Из Ваших художественных достижений, которых я не искала, да и Вы, кажется, не к ним стремились, – как Вы сумели не спроецировать себя взрослую на себя юную?! Вы сумели передать, как медленно зреет женская душа, в каких-то глубинах, почти независимых от внешнего хода жизни. А другое – это ощущение ладони, прикрывающей свечечку на ветру.
Огромное Вам спасибо.
Н. В. К.
15.03.1999, Белоруссия
Дорогая Тамара Владиславовна!
Я незнакома с Вами, но мне трудно обратиться к Вам иначе, так как, несмотря на то что я человек другого поколения, мне слишком близко и понятно многое из Вашей жизни.

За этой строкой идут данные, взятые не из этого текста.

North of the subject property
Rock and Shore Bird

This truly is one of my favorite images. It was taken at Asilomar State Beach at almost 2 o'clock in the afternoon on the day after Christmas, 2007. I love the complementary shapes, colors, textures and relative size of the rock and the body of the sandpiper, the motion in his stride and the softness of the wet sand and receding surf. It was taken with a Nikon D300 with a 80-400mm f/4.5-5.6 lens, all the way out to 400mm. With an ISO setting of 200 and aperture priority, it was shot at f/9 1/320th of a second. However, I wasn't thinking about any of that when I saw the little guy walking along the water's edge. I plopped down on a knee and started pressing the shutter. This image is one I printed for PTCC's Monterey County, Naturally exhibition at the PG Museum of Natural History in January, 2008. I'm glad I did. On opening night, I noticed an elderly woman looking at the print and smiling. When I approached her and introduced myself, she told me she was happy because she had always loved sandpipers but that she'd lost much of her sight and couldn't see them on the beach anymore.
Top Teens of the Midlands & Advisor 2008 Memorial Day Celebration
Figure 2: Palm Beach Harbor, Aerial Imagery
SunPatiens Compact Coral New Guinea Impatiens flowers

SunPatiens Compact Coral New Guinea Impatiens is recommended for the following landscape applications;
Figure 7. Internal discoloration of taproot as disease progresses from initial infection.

Наверное, это символично, что после того, что Вам пришлось пережить в те страшные годы, Ваша родственница – Вера Стремковская из Минска – защищает в суде моего отца (…), которому в июне этого года должно исполниться 75 лет и который уже почти полтора года предварительного следствия провёл в тюрьме. Так родное государство «отблагодарило» моего отца за то, что он больше 50 лет рвал жилы на адской работе, отдавая ей всё время и все силы без остатка. Впрочем, «награда» Вашему отцу была ещё страшнее.

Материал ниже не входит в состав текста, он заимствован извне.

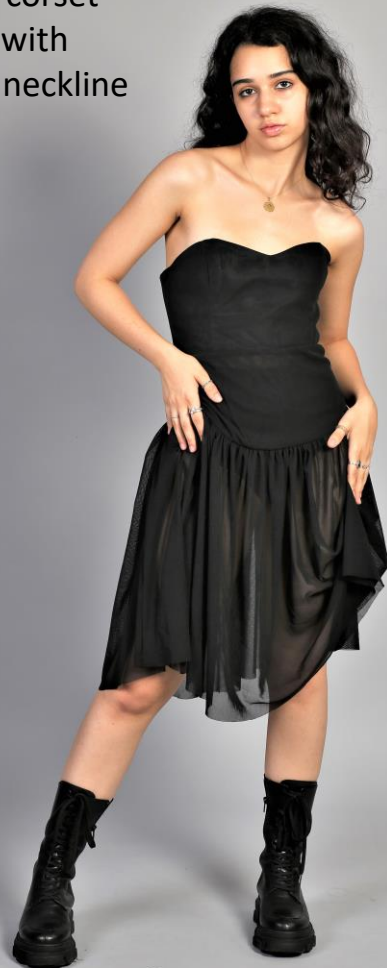
Mesh corset dress with heart neckline - 90 €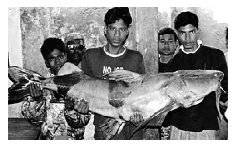
FIGURE 1. Specimen of the Goonch Bagarius yarrelli (Sykes 1839) captured by the local fishermen from the lower part of the Ganges (Padma) River on 3 January 2008. The photograph was taken by local correspondence, Daily Naya Diganta (Bangladesh), 5 January 2008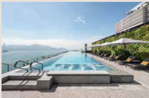
无边际泳池 SKYBOUND POOL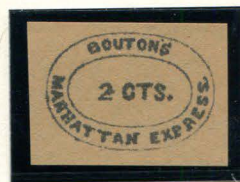
MODERN FORGERY 2¢ BLACK ON TAN (17L1)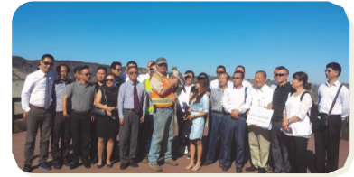
November 14 Delegation from China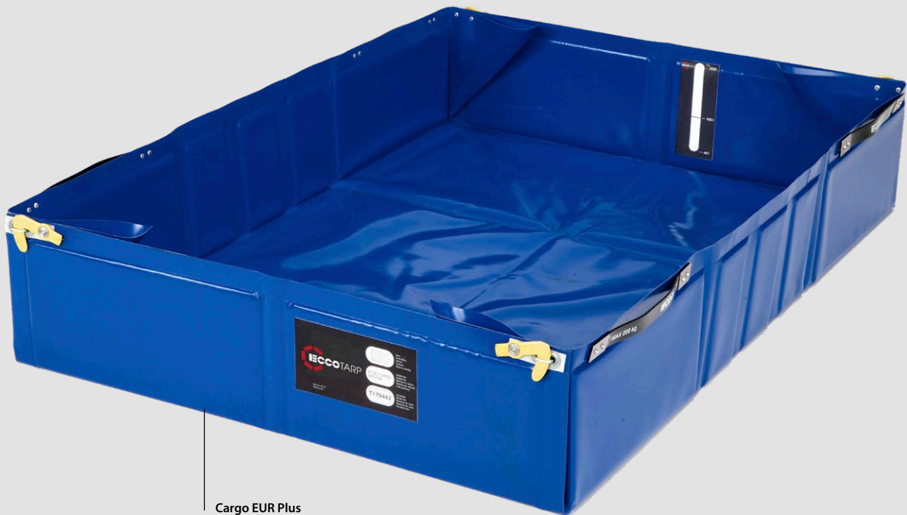
Cargo EUR Plus with side handles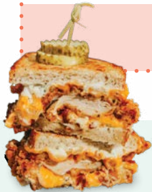
Crispy Chicken Bacon Ranch Melt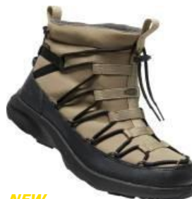
NEW Men's 1026594 Timberwolf/Black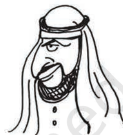
Sheikh Petrodollah King of the land of Black Gold

I value precious things. Bigoil says his President values freedom and democracy. So I keep both safely under lock and key in my land.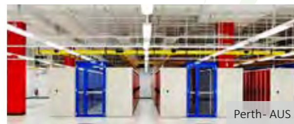
Perth - AUS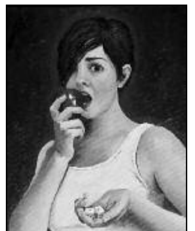
(above) Titled "Eden."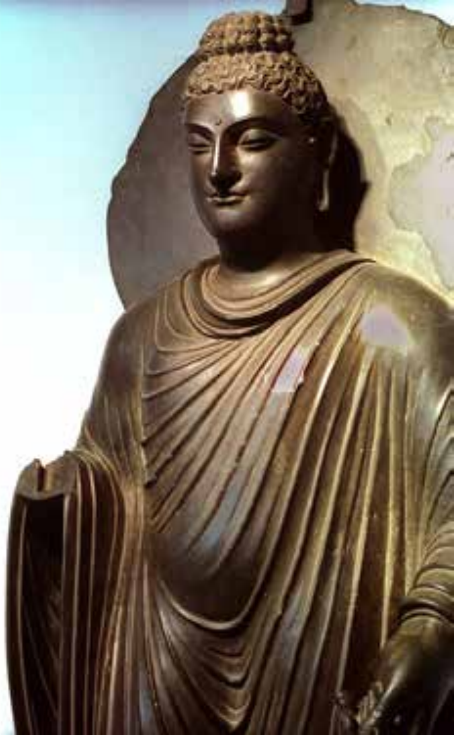
Buddha, Sculpture, Gandhara, Indian subcontinent.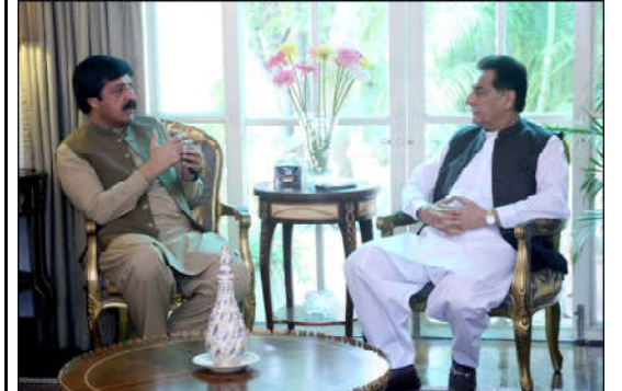
LAHORE: Punjab Governor, Sardar Saleem Haider Khan during his visit to residence of Speaker National Assembly Sardar Ayaz Sadiq discussed the parliamentary affairs and the current situation of the country.

Independent Report LAHORE: Punjab Governor, Sardar Saleem Haider Khan today visited the residence of Speaker National Assembly Sardar Ayaz Sadiq. During the meeting parliamentary affairs and the current situation of the country was discussed. Speaker National Assembly Sardar Ayaz Sadiq expressed good wishes for Punjab Governor. Speaking on this occasion, Punjab Governor, Sardar Saleem Haider Khan said that everyone should play a positive role for the development and stability of the country. Governor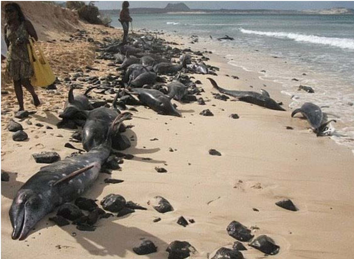
Fig. 7. Rough-toothed dolphins Steno bredanensis , Praia de Estoril, Boavista, 20 October 2010.

Rough-toothed dolphin is distributed in deep tropical and subtropical oceanic waters worldwide (Miyazaki & Perrin 1994) and is probably found throughout the tropical and subtropical East Atlantic (cf. Jefferson et al. 1997, de Boer 2010a, b, Weir 2010a).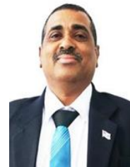
Hon. Joseph Nand Opposition Alternate MP

A blue ink signature of Hon. Joseph Nand, written in a cursive style, enclosed in a rectangular box.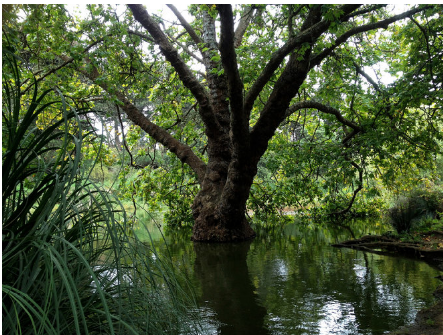
Mr. Dorsky's "Avraham" (2014). Credit Nathaniel Dorsky/Peter Blum Gallery, NY

Every so often while watching the work of Nathaniel Dorsky, I let out a yelp of joy. Mr. Dorsky makes blissfully beautiful films that don't tell stories but instead explore the world, the medium and our relationship with each. They're short, averaging around 20 minutes, and visually dense, with layers of pulsing color, churning film grain, shifting light and mutating form. Their actors, as it were, are the objects, the flowers, trees, animals, people and cars that slip in and out of the frame, although it is film – fragile, alchemical, magical, lush and luminous – that is the star. Like the gold and silver used in illuminated manuscripts, film creates a radiant glow that suggests why Mr. Dorsky calls his art devotional cinema.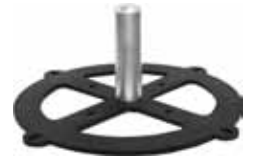
HP0008-3INBRUTE Motor Mounted Weight Post Kit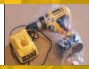
User has dropped battery causing Old charger brought back with brand new drill

Batteries accepted under Warranty must be submitted to the Agent complete (tool, charger & original batteries) to qualify.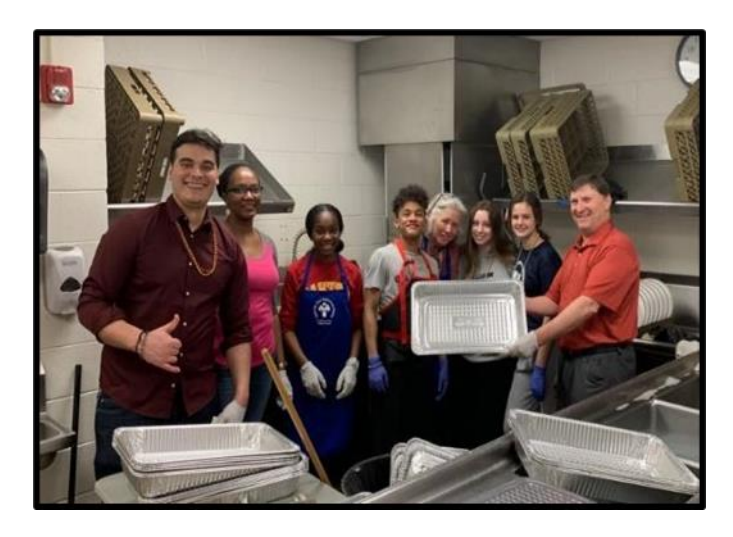
STEWARDSHIP Mardi Gras dishwashing reduces single use plastics and paper product waste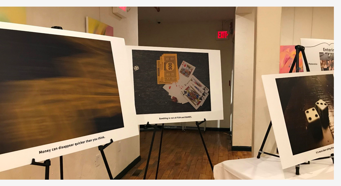
Photovoice projects are proudly on display in the community.

Community members exposed to UG and PG prevention messaging.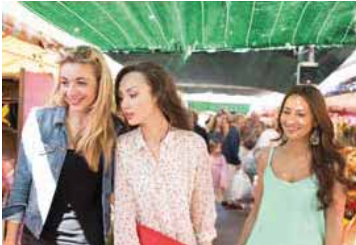
The famous flower market perfectly embodies the vibrancy of life in Nice: a visit is compulsory! Don't miss this opportunity to strike up a conversation with some friendly locals.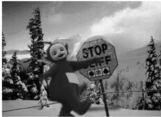
Tinky Winky in Aspen, Co.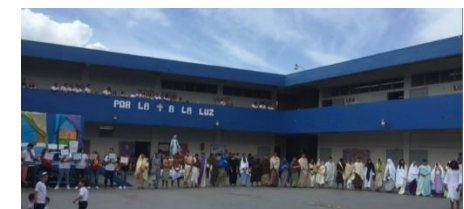
Puerto Rico: Scholarships for students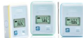
LoRa® SPY T2 -50°C to +105°C Temperature sensor with external probe for freezer refrigerator and incubator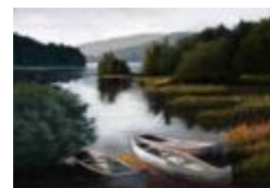
People's Choice Award "End of Day"

Мой отец – слишком неординарная, нестандартная личность, талантливый хозяйственник и неугодный всем властям своей независимостью руководитель, не признающий слепого повиновения. В отместку он был публично оклеветан, унижен. Растоптана вся наша семья: мой муж провёл полгода в тюрьме и полгода в спецкомендатуре, моя сестра осуждена условно, её муж приговорён к четырём годам усиленного режима. Не стану описывать все унижения, которым мы подвергались, Вам всё это прекрасно известно. Почти год я провела на постоянных допросах, моя четырнадцатилетняя дочь прожила этот год с собранным чемоданом вещей и наказом о том, что ей делать, если я не вернусь с очередного допроса. При этом на нашу семью выливались потоки грязи в официальных средствах информации, сейчас всё это продолжается в суде. Я запретила себе думать об этом, иначе можно было просто сойти с ума. Вера Валентиновна бессильна что-либо изменить, хотя и старается. Мы всегда будем ей признательны за понимание и моральную поддержку, которая нам всем так нужна.

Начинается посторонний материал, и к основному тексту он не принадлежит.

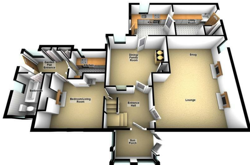
Claveron and Garden Flat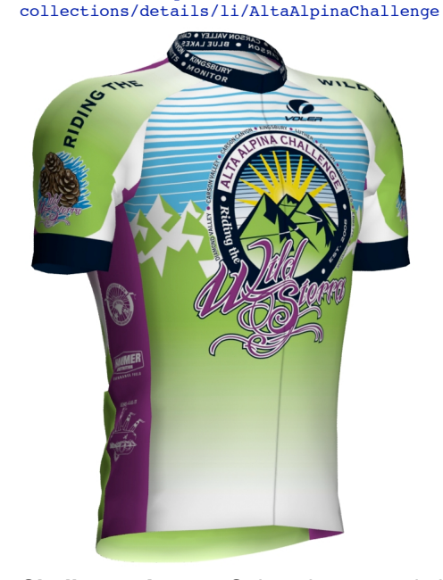
Challenge Jersey: Select the cut and size and you'll have your jersey in about two WeekS: http://www.voler.com/browse/collections/details/li/AltaAlpinaChallenge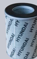
Hydraulic filter (1,000 hr)

9 series wheel loaders can be equipped with optional full rear fenders and front and rear mud flaps to reduce material splatter to the cab and machine frame.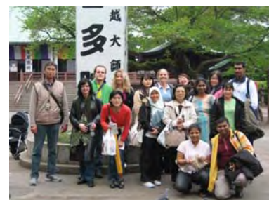
Bus trip for introduction of Japanese culture

UMEX is an important member of IUJ family. Let's keep and develop this portal of communication between campus and Japanese community in the New Year. Good luck and count on our support!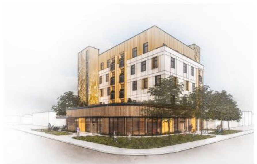
SOUTH EAST PERSPECTIVE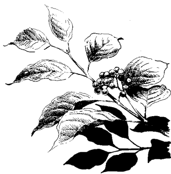
Dogwood branch with fruit

Bluebirds are attracted to shallow water for bathing. They prefer water that is less than 2 inches deep. Place flat rocks at varying water depths to provide secure footing and allow bluebirds to select the depths that they prefer. Bluebirds also are attracted to dripping water. Commercial drippers are available, but a garden hose hung over a bird bath also will work. Bluebirds are more likely to use water that has perches nearby. Locate water sources near existing perches, or plant shrubs and trees near the water source.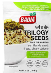
TRILOGY HEALTH SEEDS - 01210 8/8 OZ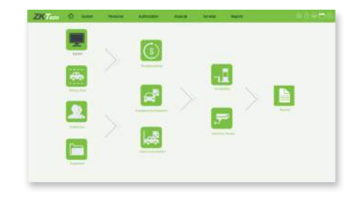
ZKParking & ZKBioSecurity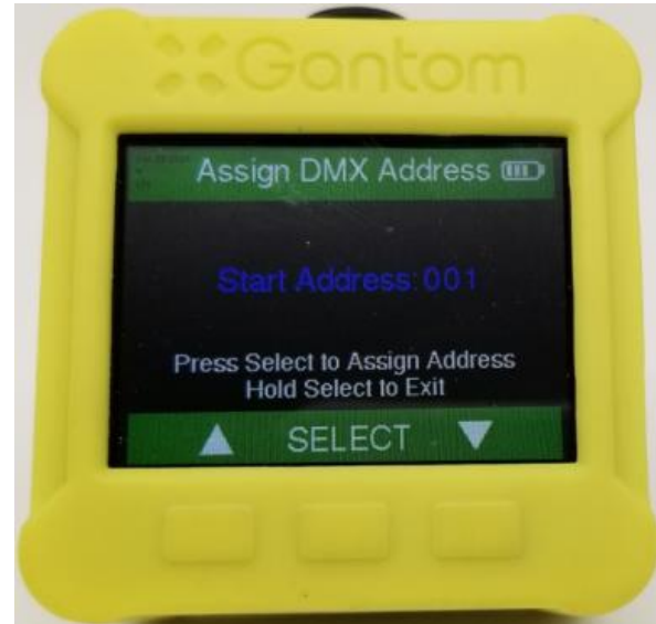
Figure 2: Assign DMX address screen

The main menu for the device is shown in Figure 1 above. You can navigate this menu using the left and right buttons and select the highlighted function using the center button. Here are details for each of these functions: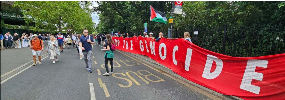
Picket outside Wimbledon Tennis Championships, July 1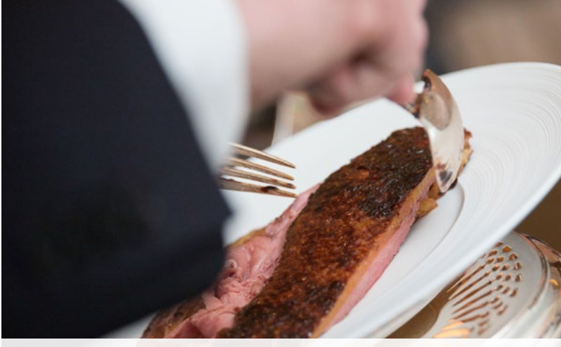
Le Faventia, contemporary French gastronomy restaurant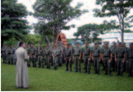
Forming up for prayer: A company in Córdoba, Argentina, praying the Rosary.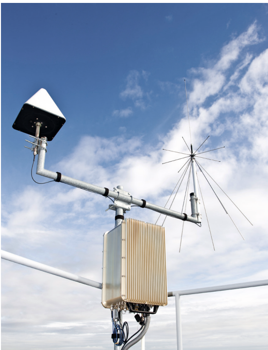
The R&S®UMS200 as a monitoring station.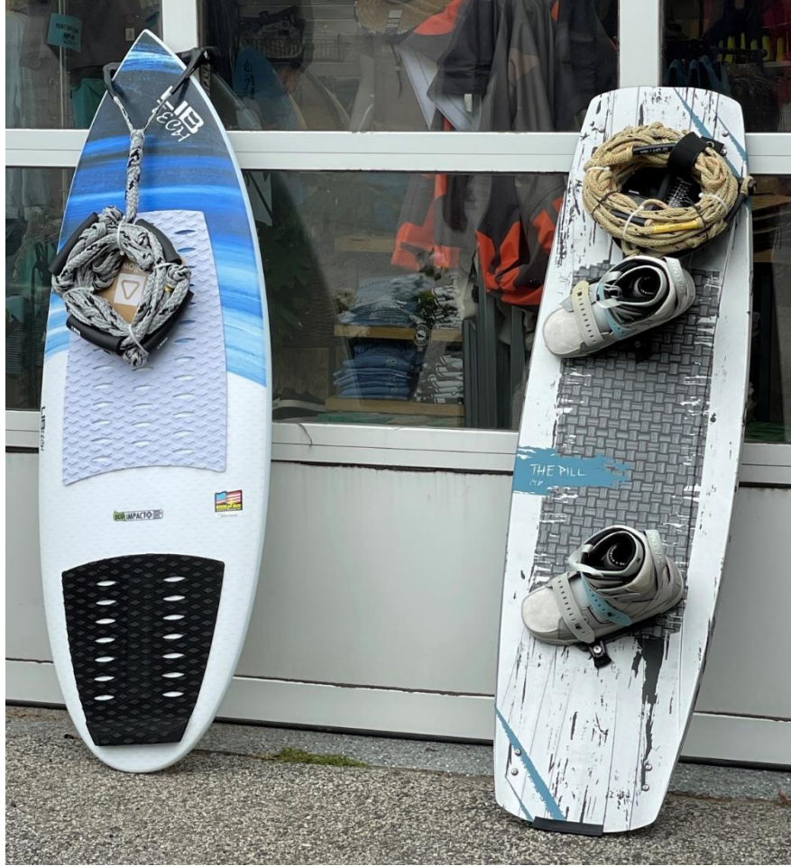
Example of surf board and surf rope (LH) and wakeboard and wakeboard rope (RH)

Как удивительно через столько лет переживать ощущения, похожие на Ваши, чувствовать чужое горе так же, как своё, и всё это благодаря Вашей книге. Я думаю, Вы уже много хорошего слышали о ней, и мое письмо – не исключение, но я чувствовала потребность написать Вам.
Я прочла Вашу книгу, когда душа отказывалась жить, хоть её и принуждали, и ощутила, что я не одинока, переживая вместе с Вами.